Cautious about chloroquine
Nafrialdi from the Clinical Research Support Unit at the UI’s School of Medicine said that even doctors would be very cautious when prescribing chloroquine, which would only be used on severe cases, as the side effects could lead to burst blood vessels and heart attacks in extreme instances.

Chloroquine is used as a second-line drug, the experts say, meaning that it would only be used when initial medicines, common ones used to treat Covid-19 patients’ clinical symptoms, such as fever, do not produce any satisfying results.

Even then, experts are still split over its use in treating the disease.

There are currently no vaccines or antiviral drugs approved for the disease but the World Health Organisation (WHO) is launching a multinational trial to search for potential treatments for the virus, which include chloroquine.

Other drugs in its trial are the experimental antiviral remdesivir initially developed to treat the Ebola virus, an HIV drug combination consisting of the lopinavir/ritonavir and the lopinavir/ritonavir plus interferon.

Maksum of UI said that chloroquine was still used in Indonesia, although not as commonly as other antimalarial drugs considering its side effects.

The drug is being sold on e-commerce platforms in Indonesia.

Difficult to obtain in Papua
In Papua, chloroquine used to be easy to find and purchase, a resident who refused to be named told the Post. Recently the drug had got more difficult to obtain, she added, attributing its scarcity to the drug being named a possible treatment for Covid-19.

When reports said that the drug could be used to treat Covid-19 patients, the 55-year-old woman said she consumed the drug every day until she learned about its side effects and that its effectiveness was still being studied.

“No one wants to be infected by the virus,” she said.

The woman said that the government had not been distributing essential information for residents in her area to prevent the spread of the virus, prompting her to relay information about the new virus strain that she learned from the media to her neighbors.

Jokowi said on Monday that the millions of chloroquine doses were produced in the country by state-owned pharmaceutical company PT Kimia Farma and would only be used on Covid-19 patients if doctors deemed it necessary.
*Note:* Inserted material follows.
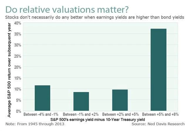 Vincent Deluard, stratég pro Evropu z Ned Davis Research, hledal podpůrné argumenty pro teorii relativních valuací. Spočítal pro každý rok od roku 1945 rozdíl mezi takzvaným "ziskovým výnosem" S&P 500 a výnosem 10letých státních dluhopisů. Ziskový výnos S&P 500 je převrácenou hodnotou P/E poměru, takže kdykoli P/E klesá, ziskový výnos roste. Na základě klouzavých 12měsíčních zisků je aktuálně ziskový výnos S&P 500 5,4 %, o 2,6 procentního bodu více než výnos 10letých státních dluhopisů.

The company was not available for immediate comment.

“Chloroquine is not a first-line treatment, but a second-line treatment […] The drug is not an over-the-counter drug, so the consumption must be on doctor’s orders,” Jokowi said, adding to his earlier statements about the drug, which many consider misleading.

The government’s spokesperson for Covid-19 affairs, Achmad Yurianto, has also warned the public that chloroquine was not for prevention purposes and hence must not be consumed at home.

“We ask people, once again, not to purchase, store and consume the drug without a doctor’s prescription,” Yurianto said.

WHO-led clinical trials
If Indonesia was to use the drug on its Covid-19 patients, Maksum of UI said the government should participate in the WHO-led clinical trials to study potential Covid-19 treatments so that the results could be part of the WHO’s global data.

He cited experts suggesting that chloroquine could disrupt the virus’ ability to infiltrate living cells and replicate itself, although emphasizing the need for further studies to prove these early assumptions.

Drug discovery commonly would take years and involve at least three stages, but in cases like Covid-19 that had been declared a global pandemic, conforming to such lengthy steps was impossible, Maksum said.

Experts globally have cautioned people not to resort to self-medication since a man in the US state of Arizona died after he ingested chloroquine phosphate — an aquarium cleaning product similar to the drug that had also been named by US President Donald Trump as a potential treatment for Covid-19, Reuters reported.

Trump tweeted about the combination of hydroxychloroquine and azithromycin, saying it had “a real chance to be one of the biggest game changers in the history of medicine” – a claim played down by America’s top infectious disease expert, Dr Anthony Fauci, who said that the therapy must be tested to assure its safety and efficacy.